**Aim of the task**
Reproduce the records below exactly; the images should not appear.

■ ■ ■

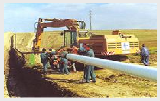
POLYKEN Reconditioning coatings
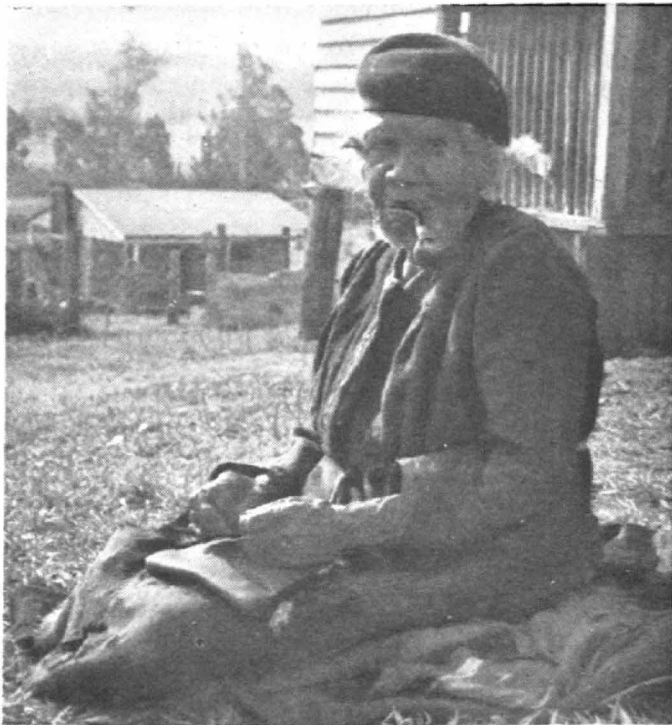
The Grand Old Lady of Woodenbong Station.
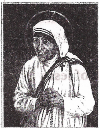
Santa MADRE TERESA DE CALCUTA

"El testimonio admirable de los santos nos estimula con su ejemplo en el camino de la vida" (Cfr. Prefacio II de los SANTOS)
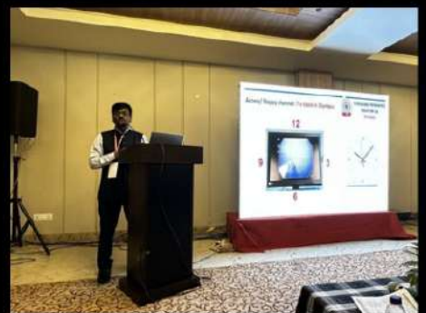
President speaks at Cuttack
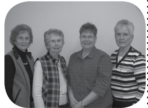
New Auxiliary Officers

In closing, my time as being president has come to an end. It was an honor and a privilege for me to be president of this great organization all these years. I thank all the members for their support, encouragement, and always being there to help. I hope you will support the future officers the same way.
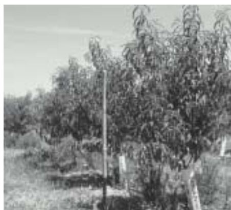
Peach trees in replant disorder research study.

This phase-out has significant implications for California agriculture, as methyl bromide is widely used as a pesticide for the
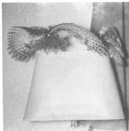
(6) "Come on, I'll show you how!"
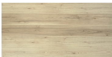
Karumba Oak NEXIS001
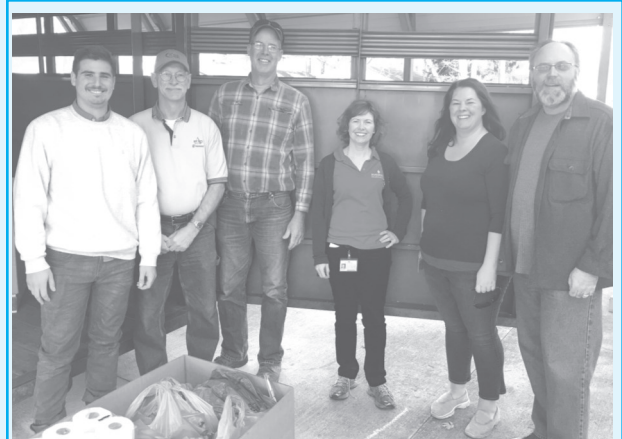
Thank you to Copeland for their food and monetary donations to the St. Mary Food Pantry.

Items always needed for the pantry are: cereal, pork and beans, canned fruit and canned soup.
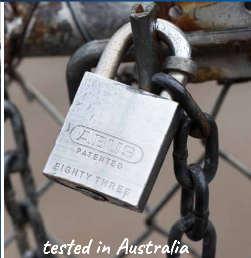
tested in Australia
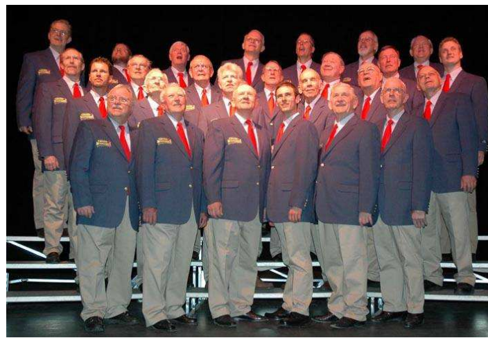
Bozeman Chord Rustlers

“The mission of the Chord Rustlers is to sing a cappella, four-part harmony, in the barbershop style, to support vocal music education of youth, and to provide audiences with wholesome entertainment for all occasions by men who enjoy musical and social camaraderie, desiring to share their love of music within the community, and who aspire to grow in musical excellence and preserve the tradition of four-part harmony singing.”

■ ■ ■

**Task result**
POLYKEN Reconditioning coatings
The Grand Old Lady of Woodenbong Station.
Santa MADRE TERESA DE CALCUTA

"El testimonio admirable de los santos nos estimula con su ejemplo en el camino de la vida" (Cfr. Prefacio II de los SANTOS)
President speaks at Cuttack
New Auxiliary Officers

In closing, my time as being president has come to an end. It was an honor and a privilege for me to be president of this great organization all these years. I thank all the members for their support, encouragement, and always being there to help. I hope you will support the future officers the same way.
Peach trees in replant disorder research study.

This phase-out has significant implications for California agriculture, as methyl bromide is widely used as a pesticide for the
(6) "Come on, I'll show you how!"
Karumba Oak NEXIS001
Thank you to Copeland for their food and monetary donations to the St. Mary Food Pantry.

Items always needed for the pantry are: cereal, pork and beans, canned fruit and canned soup.
tested in Australia
Bozeman Chord Rustlers

“The mission of the Chord Rustlers is to sing a cappella, four-part harmony, in the barbershop style, to support vocal music education of youth, and to provide audiences with wholesome entertainment for all occasions by men who enjoy musical and social camaraderie, desiring to share their love of music within the community, and who aspire to grow in musical excellence and preserve the tradition of four-part harmony singing.”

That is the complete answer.